Oil producers Colombia and Mexico, and copper exporter Chile, are moderately exposed, due to either low export diversification, or high dependence on the export sector for revenues.
Peru and Venezuela are the most exposed. In Peru's case, exports are highly concentrated in gold and copper, the prices of which we expect to head significantly lower in the coming years. While we expect only moderate declines in the price of oil, Venezuela's export basket is extremely concentrated in the sector, and the government depends on the sector for more than half of its total revenues.

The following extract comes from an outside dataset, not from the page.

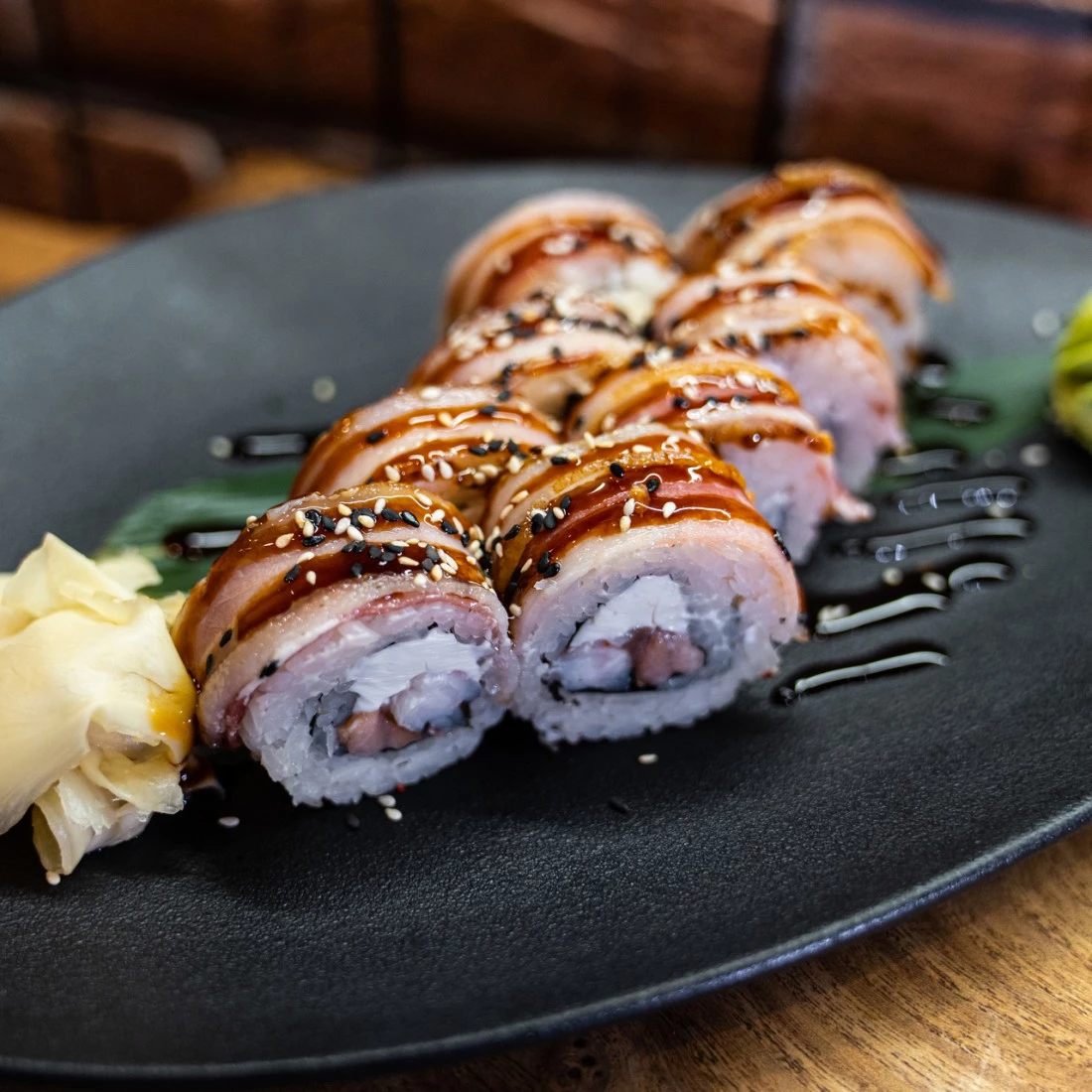 Рис, нори, творожный сыр, креветка, лосось, бекон, унаги, кунжут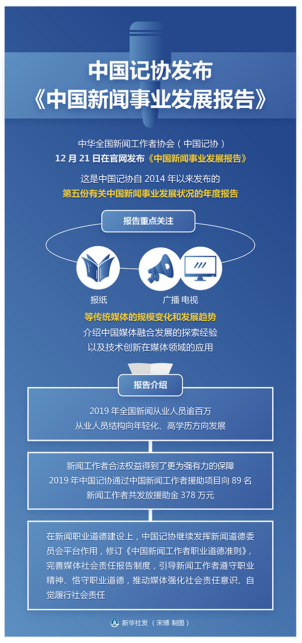 新華社北京12月21日電 中華全國新聞工作者協(xié)會(中國記協(xié))21日在官網(wǎng)發(fā)布《中國新聞事業(yè)發(fā)展報告》。這是中國記協(xié)自2014年以來發(fā)布的第五份有關(guān)中國新聞事業(yè)發(fā)展?fàn)顩r的年度報告。

Fiscal Impacts Of Commodity Price Changes
| || Main commodity export || Export concentration* || Fiscal dependence on export sector (% of total revenues) || Outlook for main exports || Downside risk to fiscal revenues from exports |
| Argentina || Soybeans, Oil || Low (0.16) || Low (6.5%) || Prices to fall modestly || Low |
| Brazil || Iron Ore, Oil, Crops || Low (0.15) || Low || Prices to fall modestly || Low |
| Chile || Copper || High (0.36) || Low (3.6%**) || Prices to fall significantly || Moderate |
| Colombia || Oil, coal || High (0.43) || Moderate (16.6%) || Prices to fall modestly || Moderate |
| Mexico || Oil || Low (0.15) || High (33.0%**) || Prices to fall modestly || Moderate |
| Peru || Copper, gold || High (0.24) || High (26.6%**) || Prices to fall significantly || High |
| Venezuela || Oil || Very High (0.64) || Very High (>50.0%) || Prices to fall modestly || High |
| *Measured with UNCTAD 2012 Export Concentration Index, from 0 to 1. **Figure refers only to public revenues generated by commodities listed, not total exports. Source: National Sources, UNCTAD, BMI |
Agricultural Producers Relatively Diversified
Our Commodities team sees foresees the prices of some crops (cocoa, coffee, and palm oil) to average higher in 2014 than in 2013, while others (sugar, corn, and soy) are likely to average lower. Given the composition of the export baskets of Argentina and Brazil, we expect that on balance the prices for these countries' exports will be lower in the coming years. However, an unexpectedly large drop in the price of a single crop is unlikely to be devastating, since both countries export a relatively diverse basket of goods. In the case of Brazil, the basket includes a wide variety of crops, iron ore, and oil. In Argentina, while soybeans are the most important crop, the country also exports large amounts of corn, oil, and manufactured goods. Indeed, the two countries score among the lowest in the region using the UN Conference on Trade and Development (UNCTAD) index of export concentration (which applies a Herfindahl-Hirschmann index of market concentration).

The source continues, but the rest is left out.